Problem requirements
In the material below, find the line that contains "- The sentiment, Happy" and the line that contains "A JCB tractor", then write out exactly those two lines and everything between them.

Entries shown
◆ ◆ ◆ ◆

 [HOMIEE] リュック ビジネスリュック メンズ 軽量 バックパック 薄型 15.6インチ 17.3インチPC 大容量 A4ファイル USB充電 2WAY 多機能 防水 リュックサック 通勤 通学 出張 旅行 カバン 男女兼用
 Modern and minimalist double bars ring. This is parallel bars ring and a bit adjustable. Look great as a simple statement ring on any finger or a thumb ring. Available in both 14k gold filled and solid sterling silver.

◆ ◆ ◆ ◆

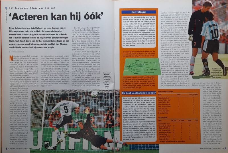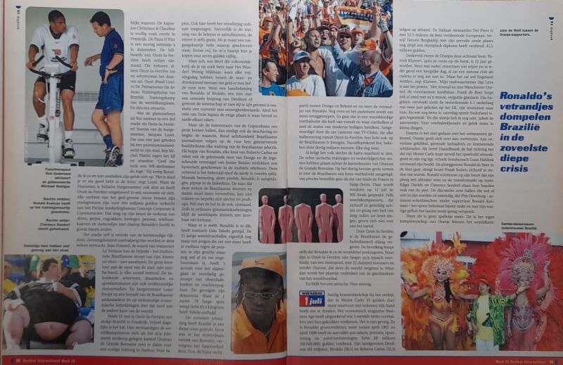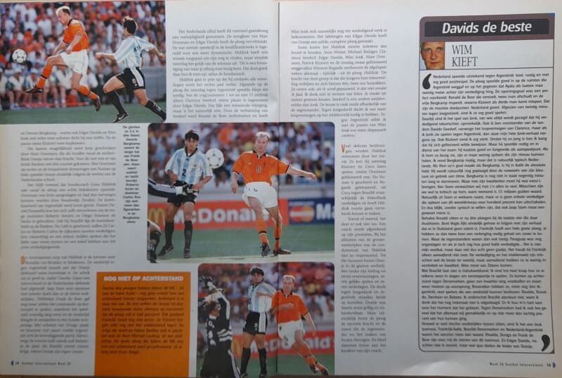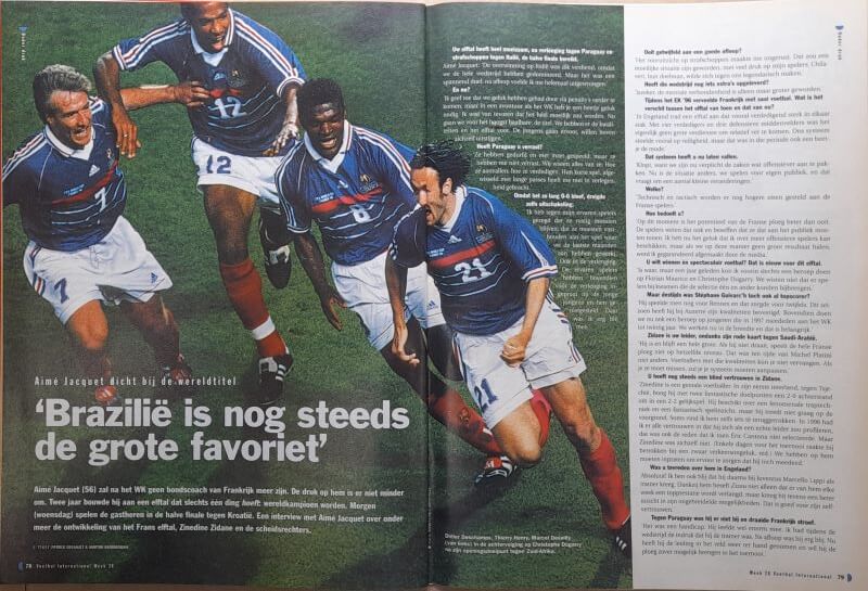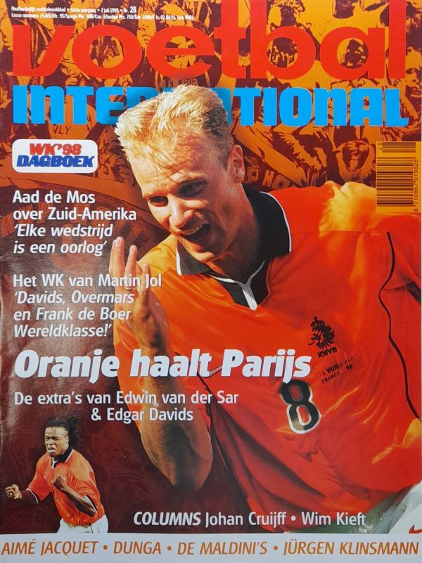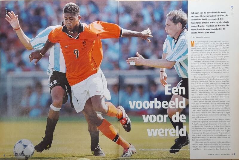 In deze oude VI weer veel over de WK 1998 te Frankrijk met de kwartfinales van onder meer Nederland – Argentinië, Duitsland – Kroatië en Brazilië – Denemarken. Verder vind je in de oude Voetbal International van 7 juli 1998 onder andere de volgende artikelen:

◆ ◆ ◆ ◆

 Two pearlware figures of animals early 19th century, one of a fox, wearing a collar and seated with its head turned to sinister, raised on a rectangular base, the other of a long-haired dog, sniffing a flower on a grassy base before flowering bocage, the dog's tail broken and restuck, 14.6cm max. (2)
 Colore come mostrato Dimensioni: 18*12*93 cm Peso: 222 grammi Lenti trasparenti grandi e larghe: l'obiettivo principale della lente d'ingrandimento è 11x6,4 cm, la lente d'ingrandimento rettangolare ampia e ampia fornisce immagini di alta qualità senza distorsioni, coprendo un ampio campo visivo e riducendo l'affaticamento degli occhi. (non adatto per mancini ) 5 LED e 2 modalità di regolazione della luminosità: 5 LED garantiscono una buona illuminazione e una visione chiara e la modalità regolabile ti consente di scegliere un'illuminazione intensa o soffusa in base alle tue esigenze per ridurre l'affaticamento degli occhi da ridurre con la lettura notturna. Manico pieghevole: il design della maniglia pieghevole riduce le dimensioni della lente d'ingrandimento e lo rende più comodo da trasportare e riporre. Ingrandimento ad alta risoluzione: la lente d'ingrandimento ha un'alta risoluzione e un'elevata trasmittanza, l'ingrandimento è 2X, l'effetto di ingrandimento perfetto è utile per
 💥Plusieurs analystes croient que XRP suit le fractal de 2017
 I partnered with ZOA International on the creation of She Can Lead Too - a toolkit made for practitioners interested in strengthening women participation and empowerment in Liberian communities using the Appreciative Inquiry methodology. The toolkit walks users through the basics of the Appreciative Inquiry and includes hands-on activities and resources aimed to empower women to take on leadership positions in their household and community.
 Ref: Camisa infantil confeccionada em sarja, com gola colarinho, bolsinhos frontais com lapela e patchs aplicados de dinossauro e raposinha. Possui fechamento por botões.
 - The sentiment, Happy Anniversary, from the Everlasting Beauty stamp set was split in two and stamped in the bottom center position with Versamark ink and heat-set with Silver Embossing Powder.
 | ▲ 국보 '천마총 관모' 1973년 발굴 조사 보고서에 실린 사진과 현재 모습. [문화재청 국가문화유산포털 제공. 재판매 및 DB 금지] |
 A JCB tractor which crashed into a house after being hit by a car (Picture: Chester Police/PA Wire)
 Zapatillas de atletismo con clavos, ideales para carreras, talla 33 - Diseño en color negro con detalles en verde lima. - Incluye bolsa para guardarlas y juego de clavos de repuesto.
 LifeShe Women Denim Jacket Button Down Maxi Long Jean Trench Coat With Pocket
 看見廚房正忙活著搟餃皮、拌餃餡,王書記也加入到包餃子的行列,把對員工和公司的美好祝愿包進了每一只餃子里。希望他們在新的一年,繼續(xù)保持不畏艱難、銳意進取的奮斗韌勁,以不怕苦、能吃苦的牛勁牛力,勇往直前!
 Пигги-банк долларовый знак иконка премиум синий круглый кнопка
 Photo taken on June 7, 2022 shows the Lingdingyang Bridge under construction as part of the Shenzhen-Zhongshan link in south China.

◆ ◆ ◆ ◆

Your response
 - The sentiment, Happy Anniversary, from the Everlasting Beauty stamp set was split in two and stamped in the bottom center position with Versamark ink and heat-set with Silver Embossing Powder.
 | ▲ 국보 '천마총 관모' 1973년 발굴 조사 보고서에 실린 사진과 현재 모습. [문화재청 국가문화유산포털 제공. 재판매 및 DB 금지] |
 A JCB tractor which crashed into a house after being hit by a car (Picture: Chester Police/PA Wire)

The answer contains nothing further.